My textbook has used the following inequalities without any proof:
Let $X=\Bbb R^n$, then
$$\sqrt{\sum_{k=1}^{n} |u_k|^2}\leq \sum_{k=1}^{n}|u_k| \leq n\cdot \max\{|u_k|:1\leq k \leq n\} \leq n\cdot\sqrt{\sum_{k=1}^{n}|u_k|^2}.$$
The second inequality is obvious.
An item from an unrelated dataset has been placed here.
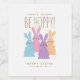 Simple Easter personalized wine bottle label featuring cute bunnies in pastel rainbow colours and fun typography. Perfect for Easter/spring party favour or Easter gifts. Customize with short greeting and name.

But I am struggling with others.
On
The right-most inequality holds since $$|u_k|\leq\max\{|u_i|, 1\leq i\leq n\}$$ for every $k$ so that $$\sum_{k=1}^n|u_k|\leq\sum_{k=1}^n \max\{|u_i|\}=n\max\{|u_i\}$$ since we sum a constant.
To prove the left-most inequality, note that it is enough to prove $$\sum_{k=1}^n |u_k|^2 \leq \left(\sum_{k=1}^n |u_k|\right)^2$$ which should be fairly obvious if you expand the right-hand side.
$$\left(\sum_{k=1}^{n}|u_k|\right)^2{=\sum_{k,l=1}^{n}|u_k|\cdot|u_l|\\=\sum_{k=1}^{n}|u_k|^2+\sum_{k,l=1\\k\ne l}^{n}|u_k|\cdot |u_l|\\\ge \sum_{k=1}^{n}|u_k|^2}$$therefore $$\sqrt {\sum_{k=1}^{n}|u_k|^2}\le \sum_{k=1}^{n}|u_k|$$